I'm not sure I understand the construction, but I don't see how this space has any notion of compactness - the open covering $\{z\}\times\{0,1\}_{z\in\mathbb{Z}}$ doesn't have a finite sub covering, same goes for the sequence $\{z\times\{0\}\}_{z\in\mathbb{Z}}$ that doesn't have a limit or an accumulation point.
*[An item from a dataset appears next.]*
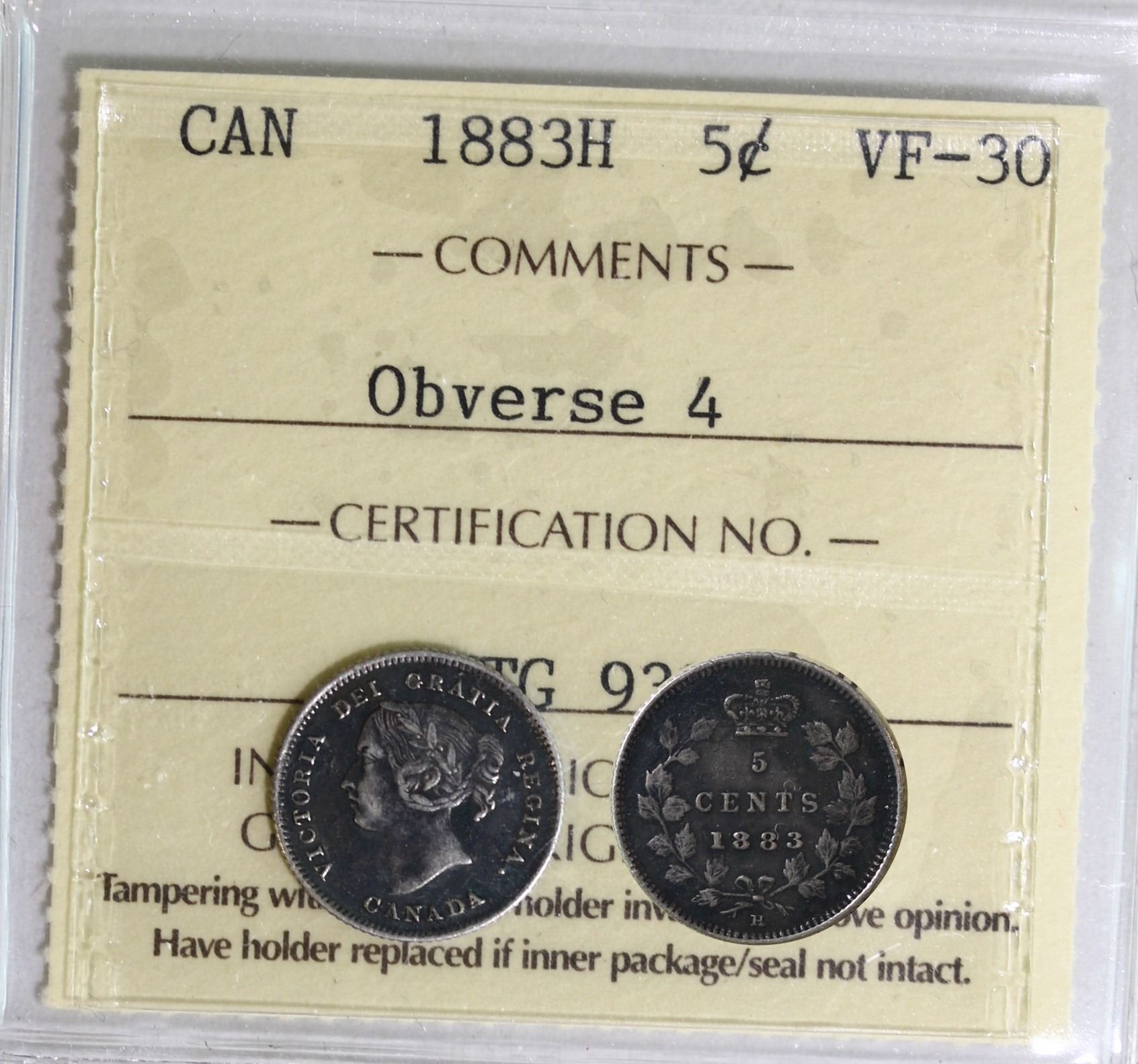 1883H 5¢ "Obv.4" ICCS Choice Very Fine-30

Did I misunderstand something?
Thanks for the help!
Well, you already got the answer but adding my point of view won't do any harm :)
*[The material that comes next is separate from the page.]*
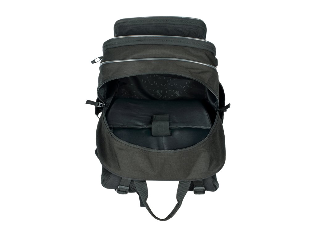 • Tri samostatne uzatvárateľné komory s vnútorným organizérom a vreckom na 15-palcový notebook či tablet. Tento vnútorný organizér umožňuje rovnomerné rozloženie hmotnosti.

Denote $X=\mathbb{Z}\times\{0,1\}$.
The space X is not compact: as you noticed $\{z\}\times \{0,1\}$ does not have a finite subcover.
The space X is not sequentially compact: consider the sequence $(a_n)_{n=1}^\infty$, $a_n=(n,1)$.
No subsequence of $a_n$ converges $x_0\in X$, for if such $(a_{n_j})_{j=1}^\infty$ exists with $lim_{j\to\infty}a_{n_j}=x_0$,
any open neighbourhood of $x_0$ (denoted $U$) has elements of the tail $(a_{n_j})_{j=l}^\infty$ in it, for any $l\in \mathbb{N}$.
In other words: $\forall l\in\mathbb{N},\forall U_{x_0}: U_{x_0}\cap\{a_{n_j}|j>l\}\neq\phi$.
But looking at $U_{x_0}=\{z\}\times\{0,1\}$ (where z is the first coordinate of $x_0$) and $l=z+1$ give the contradiction, hence X is not sequentially compact.
The space X is limit point compact: Let look at a more common definition of limit point compactness: X is said to be limit point compact if every infinite subset of X has a limit point in X, i.e a point x for which every neighbourhood of x contains at least one point of X different from x itself.
Let $S\subset X$ be an infinite set. $i,j\in\{0,1\}$ and $i\neq j$. Let $y=(k,i)\in S$ then any open neighbourhood of $x=(k,j)$ (even the smallest one $\{k\}\times \{0,1\}$) contains $y\in S$.